Like checking out a commit, your applications can use Filby to retrieve reference data for a given change set id. They can also inspect the changelog to find which change set was in effect at a given point in time, and subscribe to reference data update notifications.
See the example applications for usage.
Contents
Introduction
Most applications require reference data that changes slowly over time. This presents the following challenges in a distributed or microservice architecture.
Challenge | Notes |
---|---|
Consistency | Whenever we duplicate our reference data, we increase the likelihood of inconsistency. Even if we have one authoritive source of truth, we may cache the reference data in multiple systems, resulting in temporary inconsisenty unless cache updates are sychronised. Given the reference data is slow moving, a short period of inconsistency may be acceptable. |
Load Times | Some reference data sets may be too large to desirably load over a network connection for web and mobile applications. Therefore we should discourage accidentally including large data sets into a client bundle, or requesting large data sets over a network. |
Reliability | Requesting data sets over a network may fail, especially when mobile. Bundling local copies of reference data into the application (providing they are not too large) will aleviate this, but increase the potential for stale data. |
Stale Data | Even though reference data is slow moving, it will still change occasionally. Therefore we need a strategy for refreshing reference data. |
Temporality | When reference data changes, the previous values may still be required for historic comparisons. Therefore all reference data should have an effective date. Effective dates can also be used to synchronise updates by including future records when the values are known in advance. This comes at the cost of increased size, and there may still be some inconsistency due to clock drift and cache expiry times. |
Evolution | Both reference data, and our understanding of the application domain evolves over time. We will at some point need to make backwards incompatible changes to our reference data, and will need to do so without breaking client applications. This suggests a versioning and validation mechanism. The issue of temporality compounds the challenge of evolution, since we may need to retrospecively add data to historic records. In some cases this data will not be known. |
Local Testing | Applications may be tested locally, and therefore any solution sould work well on a local development machine. |
Solving such a complex problem becomes simpler when broken down. This project provides a server side framework for managing temporal reference data. In the following diagram, the mechanism for defining, loading, accessing and receiving notifications about reference data are provided by this framework. The RESTful API and Webhook must be manually created by the application developer. Example applications are provided to demonstrate how.

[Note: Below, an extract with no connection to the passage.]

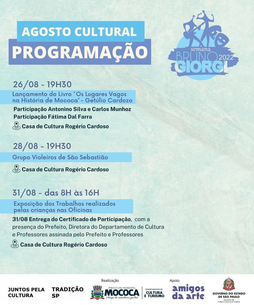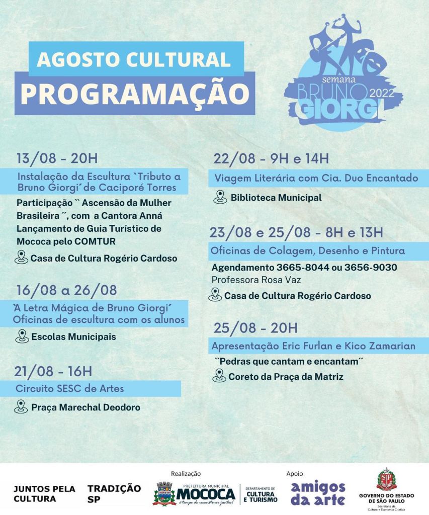 O Departamento de Cultura e Turismo da Prefeitura Municipal de Mococa celebra a 22ª edição da Semana Bruno Giorgi.
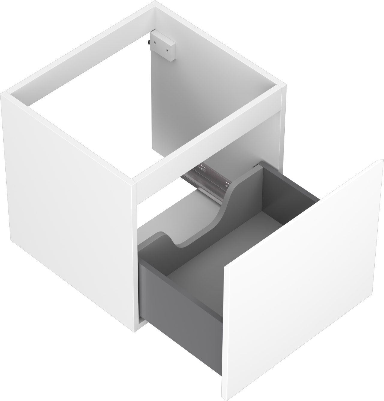 Изрезът в чекмеджето е проектиран по такъв начин, че да побере сифона, който е необходим в мивковите инсталации. Благодарение на това мебелът може да бъде монтиран напълно функционално, без да се налага отказване от пространството в чекмеджето заради инсталацията.

Change Notification Webhook ┌─────────┐ ┌──────────────────────────────────────────────────────────────────┐ │ │ │ │ │ ▼ │ ▼ ┌────────┐ ┌───────────┬──────────┐ GET /api/changelog?projection=$p&version=$v ┌──────────┐ │ │ │ │ ├──────────────────────────────────────────────────────────│ │ │ │ │ │ Example │ │ │ │ DB │◀────▶│ Filby │ App │ │ Client │ │ │ │ │ │ GET /api/projection/:version/:projection?changeSetId=$c │ │ │ │ │ │ ├──────────────────────────────────────────────────────────│ │ └────────┘ └───────────┴──────────┘ └──────────┘ ▲ │ │ ┌─────────────────────────────────────────────┐ │ │ │ Reference Data │ │ Change Sets │ │ │ └─────────────────────────────────────────────┘ ▲ ▲ ▲ ▲ │ │ │ │ │ │ │ │ ┌─────────┐ ┌─────────┐ ┌─────────┐ ┌─────────┐ │ │ │ │ │ │ │ │ │ CSV │ │ YAML │ │ JSON │ │ SQL │ │ │ │ │ │ │ │ │ └─────────┘ └─────────┘ └─────────┘ └─────────┘
The first of the two API calls, namely /api/changelog
discloses the changes undergone by a projection (a view of the reference data), and provides a set of ids for requesting the projection at a point in time.

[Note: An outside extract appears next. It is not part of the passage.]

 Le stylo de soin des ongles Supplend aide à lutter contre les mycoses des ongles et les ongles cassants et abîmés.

GET /api/changelog?projection=park&version=1
[
{
"changeSetId": 1,
"effective": "2019-01-01T00:00:00.000Z",
"description": "Initial park data",
"lastModified": "2018-12-01T16:20:34.383Z",
"eTag": "142475a5eddeec8f0786"
},
{
"changeSetId": 2,
"effective": "2020-01-01T00:00:00.000Z",
"description": "Park Calendars - 2020",
"lastModified": "2029-12-01T14:49:34.405Z",
"eTag": "a3dc15aa8d59d26e349d"
}
]
The second API call, namely /api/projection/:version/:projection
will return the reference data, correct at the time of the given changeSetId.

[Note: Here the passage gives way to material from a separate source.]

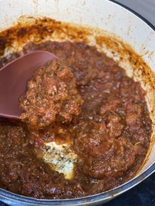 - Add the chopped tomatoes, tomato paste, sugar and water, stir well Reduce heat to medium-low and cook off for 20 minutes stirring occasionally. Reduce the heat if it appears to be sticking

GET /api/projection/v1/park?changeSetId=2
[
{
"code": "DC",
"name": "Devon Hills"
},
{
"code": "GA",
"name": "Greenacres"
},
{
"code": "PV",
"name": "Primrose Valley"
}
]
The example applications include a convenience feature where if the changeSetId is omitted, the client will be redirected to projection at the current change set.
GET /api/projection/v1/park
HTTP/1.1 307 Temporary Redirect
location: /api/projection/v1/park?changeSetId=8
Benefits
At first glance, accessing projections via change sets may seem an unnecessary overhead, however it provides a number of worthy benefits.
- Reference data can be safely released (and potentially pre-cached) ahead of time.
- Clients can receive consistent reference data by fixing the changeSetId at the start of a transaction.
- Clients can receive the latest reference data by updating to the latest changeSetId when one becomes available.
- The changeSetId makes for an excellent cache buster, enabling the projection responses to be cached indefinitely.
- Projections provide multiple views of the same reference data, and can therefore be tailored to the needs of each client.
- Versioned projections supports backwards incompatible changes
Refering back to the previous list of challenges:
- Consistency is solved by the changeSetId mechanic.
- Load Times can be reduced because the solution is designed to be highly cacheable. Furthermore, response sizes can abe reduced by tailoring projections to the needs of the clients. Finally, network requests can be avoided completely by maintaining a local copy of the projected reference data.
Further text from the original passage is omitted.